You couch the sum in terms of placing $N$ students randomly on $WH$ lattice points and then choosing two of the $N$ students at random. But this is just a fancy way of picking two lattice points. And by the symmetries of the two operations by which you do this, no pair of points is more likely to be chosen than another.

Hence it is not surprising if you get an answer that is independent of $N.$

In fact there are $\binom{WH}{2}$ ways to choose the pair of points, and as each is equally likely, the probability weight on each point in your sum should be $$\frac{1}{\binom{WH}{2}} = \frac{2}{WH(WH-1)}.$$

Taking into account that a summation like the one you are using will visit each pair of points twice, we can instead give each term the weight $$\frac{1}{WH(WH-1)}.$$

You almost got this, except that while you were worried about double-counting the points you forgot about double-counting the pairs of students when you wrote $N(N-1).$ In fact there are $\binom N2 = \frac12N(N-1)$ ways of choosing two students out of $N,$ and this $\frac12$ cancels the factor of $2$ that you wanted to put in the denominator.

There are some other inconsistencies in your summation, however. One of these is a "fencepost" problem: you seem to have difficulty deciding whether your room of dimensions $W \times H$ has $H$ rows of lattice points with $W$ points in each row or $H+1$ rows of lattice points with $W+1$ points in each row. The claim that there are $\binom{WH}{N}$ ways to place $N$ students says that you are thinking of $H$ rows with $W$ points in each row, but a summation of the form

$$ \sum_{x_i = 0}^{W} \sum_{y_i = 0}^{H} $$

creates $(W+1)(H+1)$ terms corresponding to $H+1$ rows with $W+1$ points in each row.

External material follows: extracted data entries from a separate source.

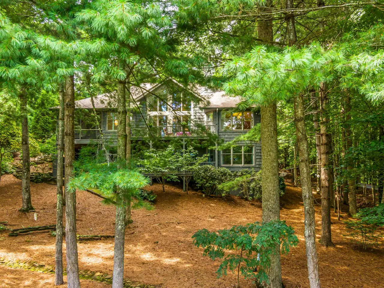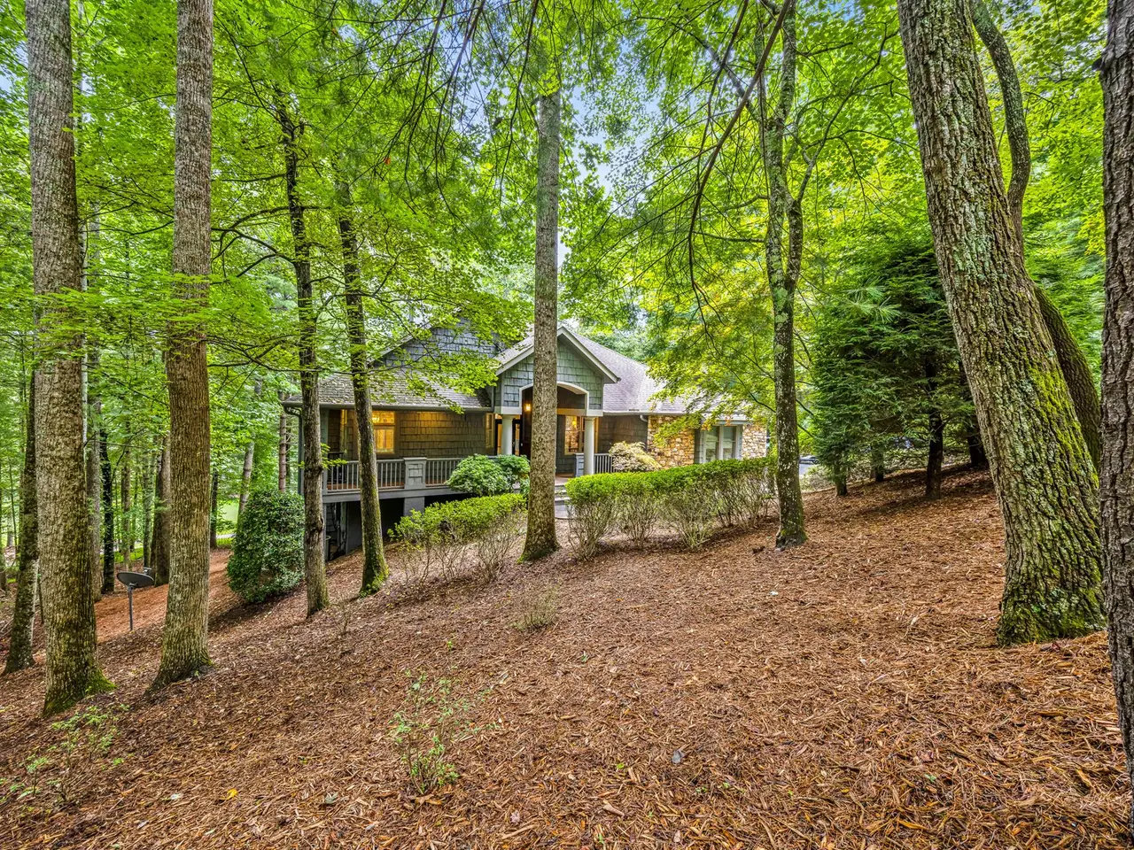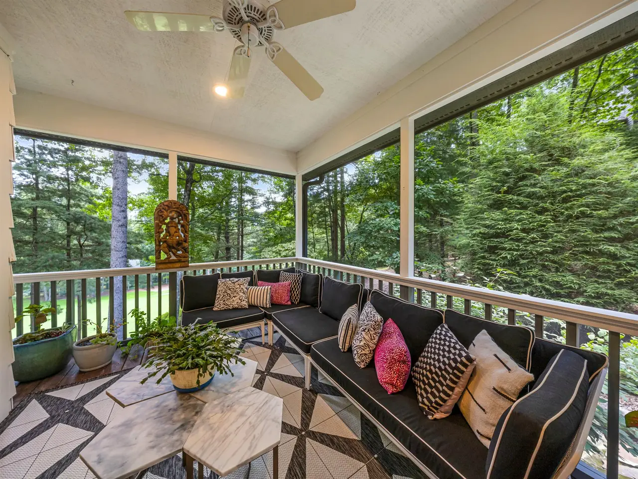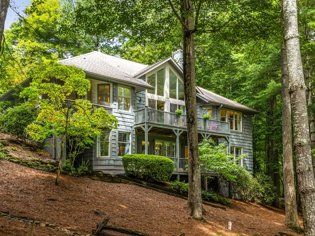 Nestled in Champion Hills above the 12th green, this artist's mountain retreat home pairs modern luxury with an eclectic, world-travel flair. Thoughtful updates and attention to detail bring comfort and style together. From the Samsung Frame TV on a hydraulic TV lift that preserves the aesthetic of the fireplace wall, Brazilian Quartzite countertops in the chef's eat-in kitchen to all the wood floors. The main level's soaring great room and primary suite offer ease of one-level living, while the terrace level is designed for both fun and function with a family room, office, guest suites, and a wet bar. Multiple porches and decks encourage life outdoors - morning coffee on the screened porch, evening wine on the open deck, or quiet afternoons on the covered terrace. Plush yet practical, with golf cart storage, workshop, and abundant space, this home invites you to live serenely in the Blue Ridge Mountains while only minutes from downtown Hendersonville.
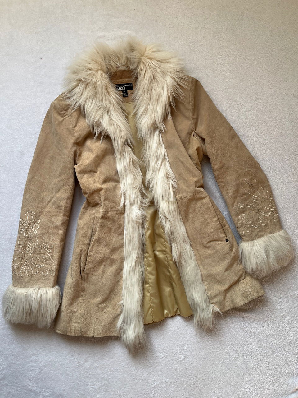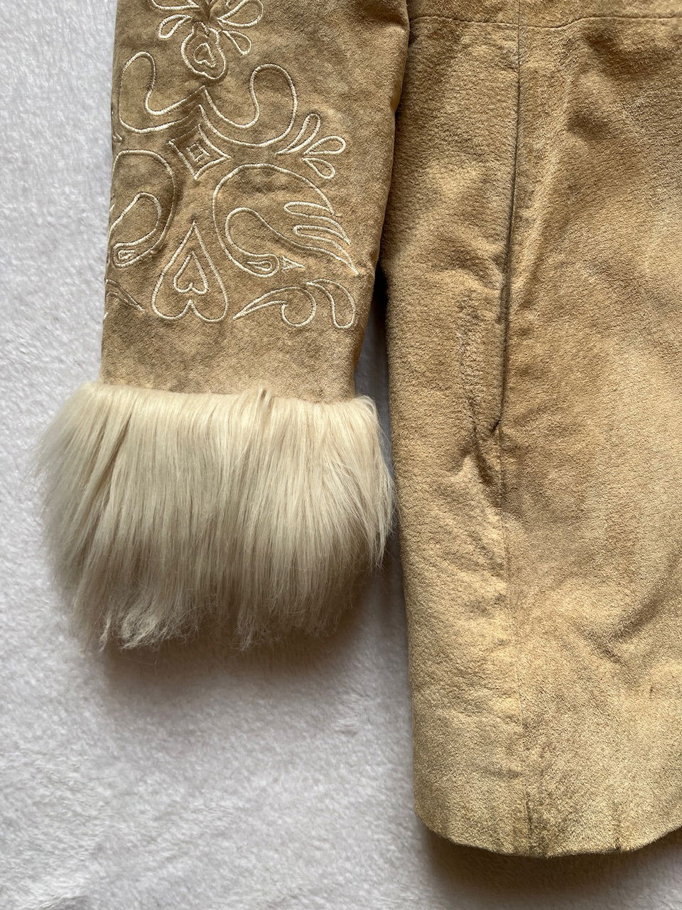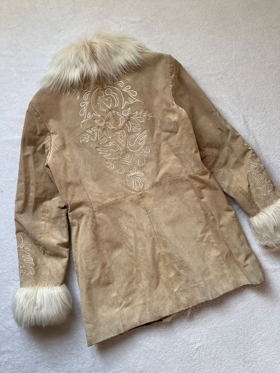 hermoso tapado de gamuza con detalles en piel sintetica y bordado, en mangas y espaldas. cuenta con ganchitos para cerrar tipo "Invisible". es un talle m. original de los 00s. ver detalles de la gamuza en fotos MEDIDAS (lado a lado) 41cm hmbr a hmbr - 53cm ax a ax -77cm largo total -64cm largo de manga
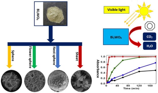 Zhu et al. [42] investigated the impact of Bi2WO6 morphology on photocatalytic degradation of volatile organic compounds under visible light. They fabricated four types of Bi2WO6 morphologies (nest-like or flower-like) through the facile hydrothermal method, including BWO−1, BWO−2, BWO−3, and BWO−4 with varying additives, synthesis temperature, time, and pH, as shown in Figure 6. It was shown that the nest-like Bi2WO6 structure manifested the most reaction active sites, leading to a 100% gaseous toluene degradation during only 20 min under visible-light irradiation. These abundant reaction active sites in the nest-like structure are due to their fine particle size, large photoresponse interval, narrow bandgap, improved electron–hole pair separation efficiency, and low electron–hole recombination rate, as shown in Figure 7 [42]. It was also shown that the double-shell Bi2O3/Bi2WO6 hollow microspheres demonstrated an improved photocatalytic activity because of the hollow presence in the structure and fabrication of the p−n junction between p-type Bi2O3 and n-type Bi2WO6 [43].
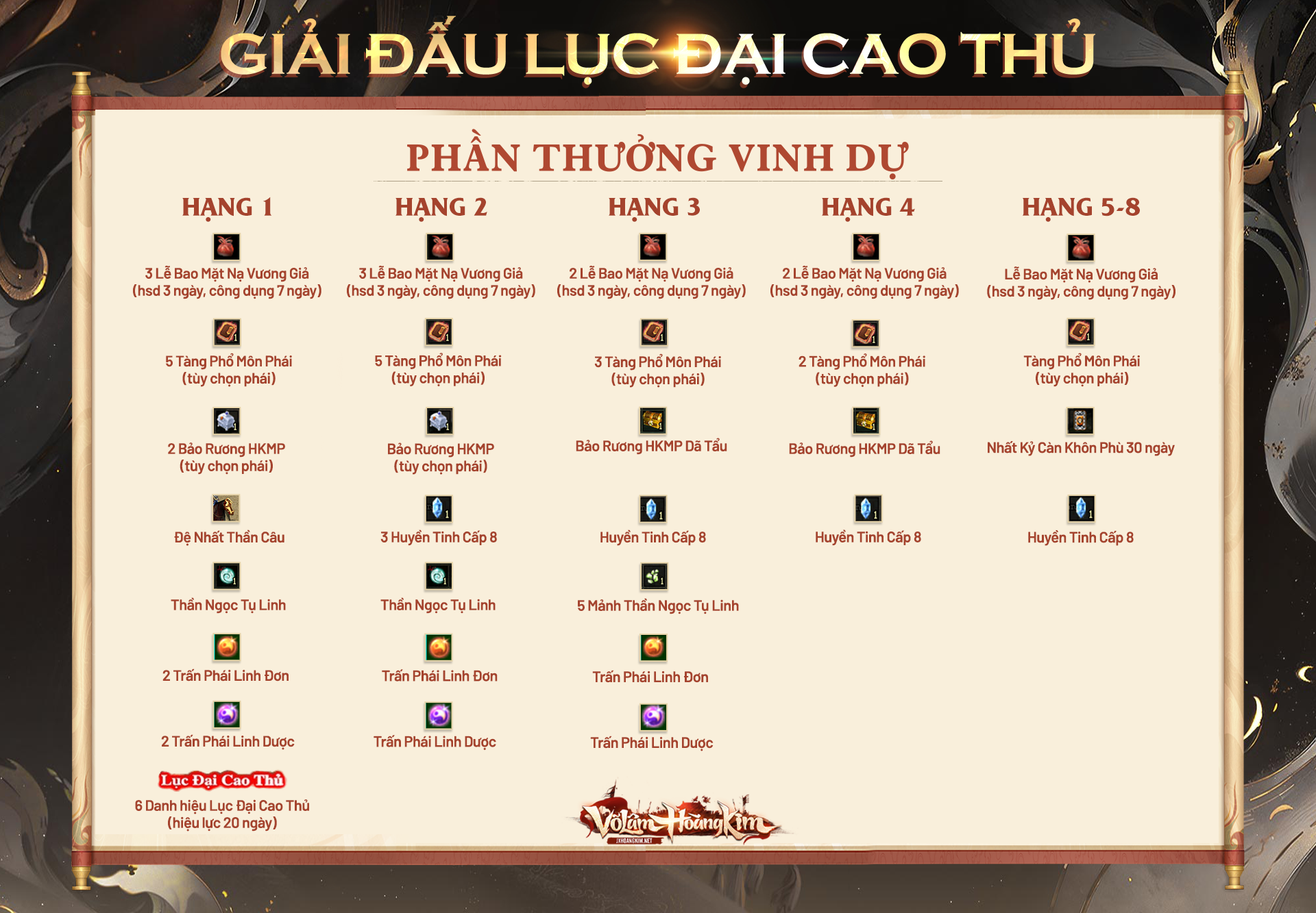 | Trao thưởng | Ngay sau khi kết thúc giải đấu, Bang Chủ đại diện liên hệ fanpage nhận thưởng |
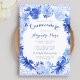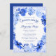 Elegante azul real Quinceanera convite com uma coroa floral e arestas cintilantes. Esse convite formal é uma mistura perfeita entre o tradicional e o moderno. Personalize facilmente usando os campos de modelo online. A redação pode ser mudada para espanhol.
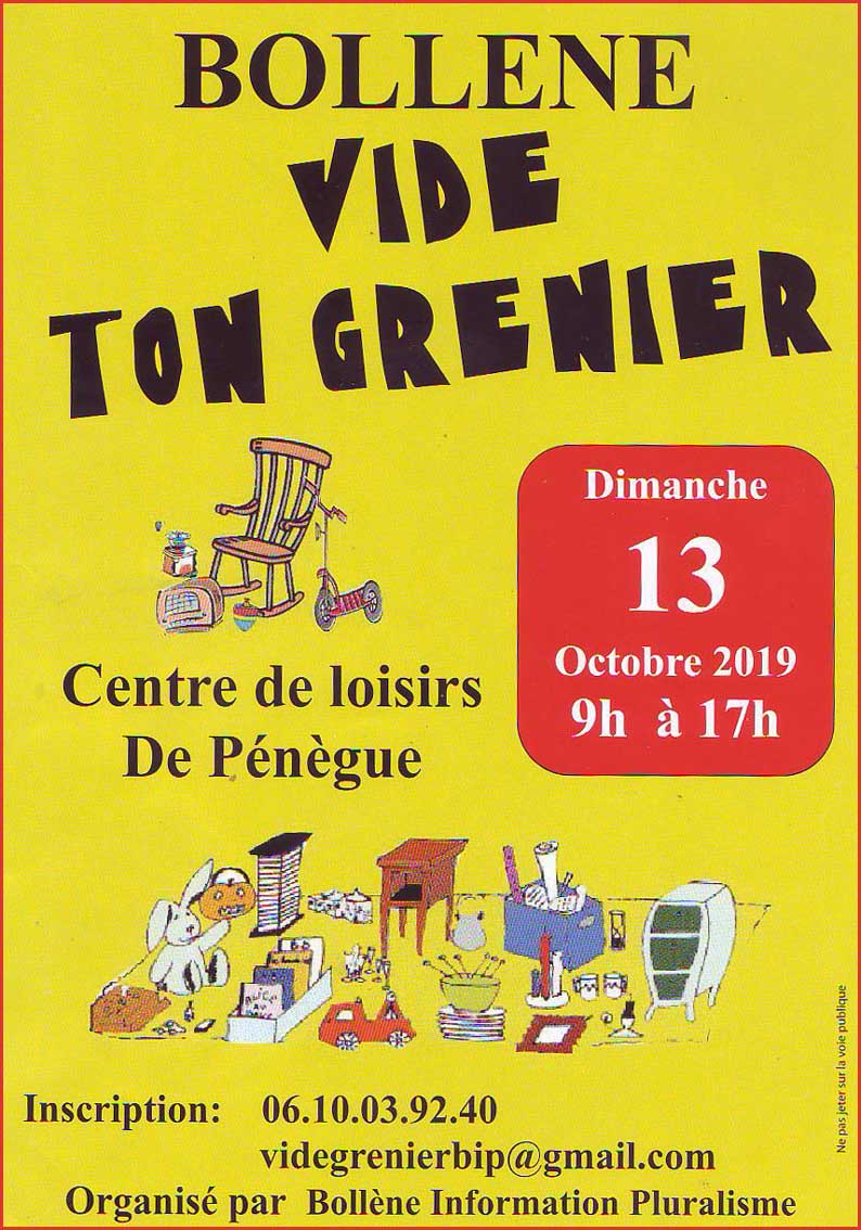 9h : ouverture du vide-grenier (inscriptions au 06.10.03.92.40).
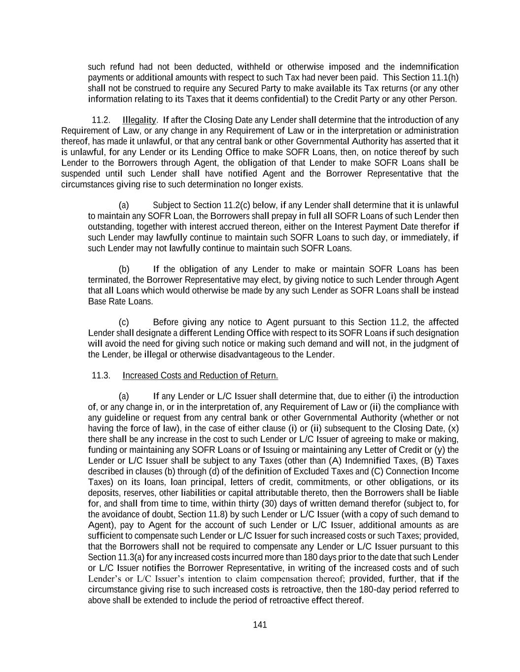 141 such refund had not been deducted, withheld or otherwise imposed and the indemnification payments or additional amounts with respect to such Tax had never been paid. This Section 11.1(h) shall not be construed to require any Secured Party to make available its Tax returns (or any other information relating to its Taxes that it deems confidential) to the Credit Party or any other Person. 11.2. Illegality. If after the Closing Date any Lender shall determine that the introduction of any Requirement of Law, or any change in any Requirement of Law or in the interpretation or administration thereof, has made it unlawful, or that any central bank or other Governmental Authority has asserted that it is unlawful, for any Lender or its Lending Office to make SOFR Loans, then, on notice thereof by such Lender to the Borrowers through Agent, the obligation of that Lender to make SOFR Loans shall be suspended until such Lender shall have notified Agent and the Borrower Representative that the circumstances giving rise to such determination no longer exists. (a) Subject to Section 11.2(c) below, if any Lender shall determine that it is unlawful to maintain any SOFR Loan, the Borrowers shall prepay in full all SOFR Loans of such Lender then outstanding, together with interest accrued thereon, either on the Interest Payment Date therefor if such Lender may lawfully continue to maintain such SOFR Loans to such day, or immediately, if such Lender may not lawfully continue to maintain such SOFR Loans. (b) If the obligation of any Lender to make or maintain SOFR Loans has been terminated, the Borrower Representative may elect, by giving notice to such Lender through Agent that all Loans which would otherwise be made by any such Lender as SOFR Loans shall be instead Base Rate Loans. (c) Before giving any notice to Agent pursuant to this Section 11.2, the affected Lender shall designate a different Lending Office with respect to its SOFR Loans if such designation will avoid the need for giving such notice or making such demand and will not, in the judgment of the Lender, be illegal or otherwise disadvantageous to the Lender. 11.3. Increased Costs and Reduction of Return. (a) If any Lender or L/C Issuer shall determine that, due to either (i) the introduction of, or any change in, or in the interpretation of, any Requirement of Law or (ii) the compliance with any guideline or request from any central bank or other Governmental Authority (whether or not having the force of law), in the case of either clause (i) or (ii) subsequent to the Closing Date, (x) there shall be any increase in the cost to such Lender or L/C Issuer of agreeing to make or making, funding or maintaining any SOFR Loans or of Issuing or maintaining any Letter of Credit or (y) the Lender or L/C Issuer shall be subject to any Taxes (other than (A) Indemnified Taxes, (B) Taxes described in clauses (b) through (d) of the definition of Excluded Taxes and (C) Connection Income Taxes) on its loans, loan principal, letters of credit, commitments, or other obligations, or its deposits, reserves, other liabilities or capital attributable thereto, then the Borrowers shall be liable for, and shall from time to time, within thirty (30) days of written demand therefor (subject to, for the avoidance of doubt, Section 11.8) by such Lender or L/C Issuer (with a copy of such demand to Agent), pay to Agent for the account of such Lender or L/C Issuer, additional amounts as are sufficient to compensate such Lender or L/C Issuer for such increased costs or such Taxes; provided, that the Borrowers shall not be required to compensate any Lender or L/C Issuer pursuant to this Section 11.3(a) for any increased costs incurred more than 180 days prior to the date that such Lender or L/C Issuer notifies the Borrower Representative, in writing of the increased costs and of such Lender’s or L/C Issuer’s intention to claim compensation thereof; provided, further, that if the circumstance giving rise to such increased costs is retroactive, then the 180-day period referred to above shall be extended to include the period of retroactive effect thereof.
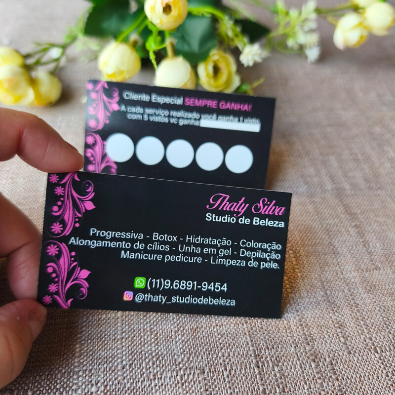 Encante seus clientes com o cartão de visita com acabamento em verniz localizado personalizado. Esse modelo une sofisticação e impacto visual, destacando detalhes importantes como logo, nome ou elementos do design com um brilho exclusivo que chama atenção. Produzido em papel de alta qualidade, com impressão frente e verso colorida e acabamento premium. ✅ Impressão…
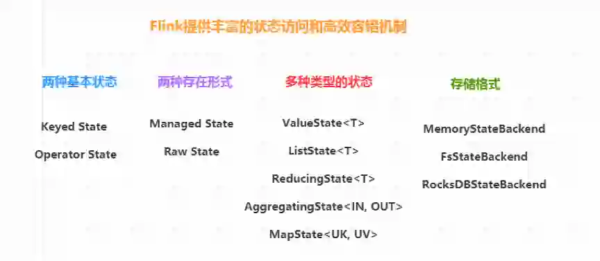 不仅有Broadcast State,根据数据集是否按照Key分区,Flink可以将状态分为Keyed State和Operator State(No-Keyed State)两种类型,而这两种状态类型又均具有两种形式,分别是托管状态(Managed State)和原生状态(Raw State)。区别在于托管状态(Managed State)是由Flink Runtime控制和管理的状态数据,并将状态数据转化存储在Java Heap内存的Hash Table或RocksDB,然后将这些状态数据通过内部的CheckpointedFunction接口持久化到Checkpoints中,而状态的一致性,其实也是通过Checkpoints实现。因为有第三方RocksDB数据库的参与,可以把State数据暂存RocksDB数据库中,相比存于Java Heap中更安全。如果开启Checkpoint增量机制,新产生的数据会替换之前产生的文件COPY到持久化中,以此减少COPY的数据量,并提高性能,更适合在生产环境使用。但目前为止,RocksDB还不支持Broadcast State。
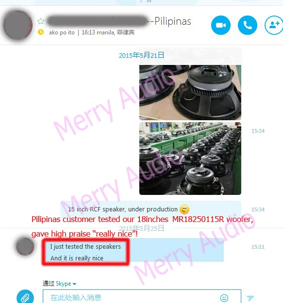 Guangzhou Merry Audio Equipment Co., Ltd. was founded in 2005 with a concept of “Customer first, reputation premier” to specialize in developing, manufacturing and OEM speakers. With over 10 years development, Merry Audio has become a leading professional speaker manufacturer. We have a 5,000 square meter workshop, introduced world level Class A technical equipment for producing, established 3 modern production lines and a R&D team consisted of 10 professional acoustic engineers who focusing on technical development and quality control.For future development, Merry Audio will continue to make progress in products and quality control, provide low frequency drivers that range from 6.5" to 21", as well as various line of high frequency drivers. We base on the “quality first, reasonable price” and develop the spirit "adopting the essence of all other company,strive for perfection", keep innovating to provide our customers speakers with more advance technology and better quality than other company.
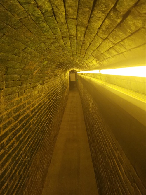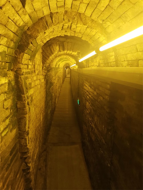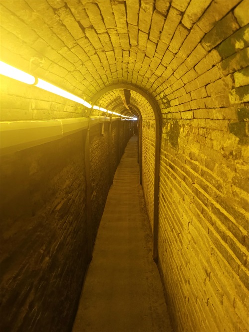 地道内,尽管有电灯照明,由于位于地下,不见天日,仍让人觉得光线阴暗,在这样一个封闭的空间里,只有地道墙壁上规则地分布着的通气洞,时刻地保持着地道与外界的空气交流。
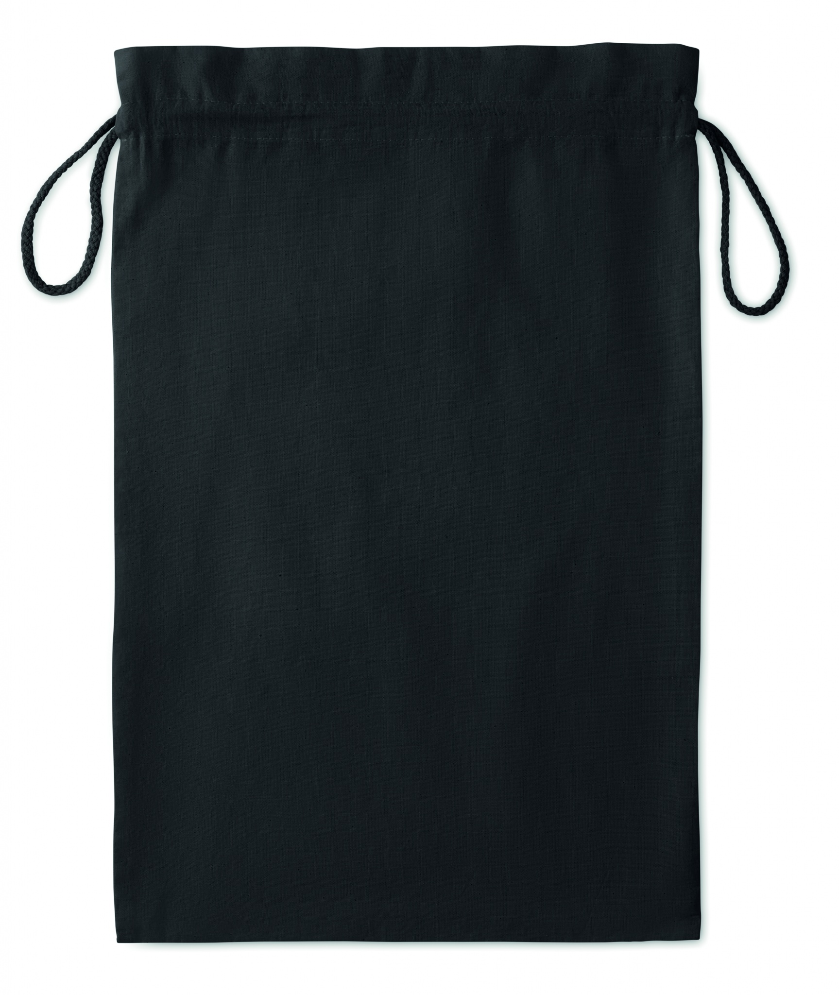 Большой хлопковый подарочный мешок плотностью 105 г/м² с завязками, размером 30 x 47 см, черного цвета, доступен с вашим индивидуальным дизайном на сайте www.logo.ee. Закажите этот и другие подарки и товары с персонализированной печатью онлайн для вашей компании!

If you really want $H$ rows with $W$ points in each row, a possible summation is

$$ \sum_{x_1 = 0}^{W-1} \sum_{y_1 = 0}^{H-1} \sum_{x_2 = 0}^{W-1} \sum_{y_2 = 0}^{H-1} \sqrt{(x_1 - x_2)^2 + (y_1 - y_2)^2}. $$ By stopping at $W-1$ you ensure that you only count $W$ rows.

Alternatively, you can let the coordinates run from $1$ to $W$ and $1$ to $H.$

If you really want coordinates from $0$ to $W$ and $0$ to $H$ then you must account for $(W+1)(H+1)$ lattice points, and the factor out front becomes

$$\frac{1}{2\binom{(W+1)(H+1)}{2}} = \frac{1}{(W+1)(H+1)(WH + W + H)}.$$

By the way, in general when summing over pairs of distinct points in a rectangular grid I would have written the last summation as something like $$ \sum_{\substack{0 \leq y_2 \leq H - 1\\(x_2,y_2)\neq(x_1,y_1)}}, $$ but I realize that in this particular summation, the terms where $(x_2,y_2)=(x_1,y_1)$ come out to zero and have no effect on the result.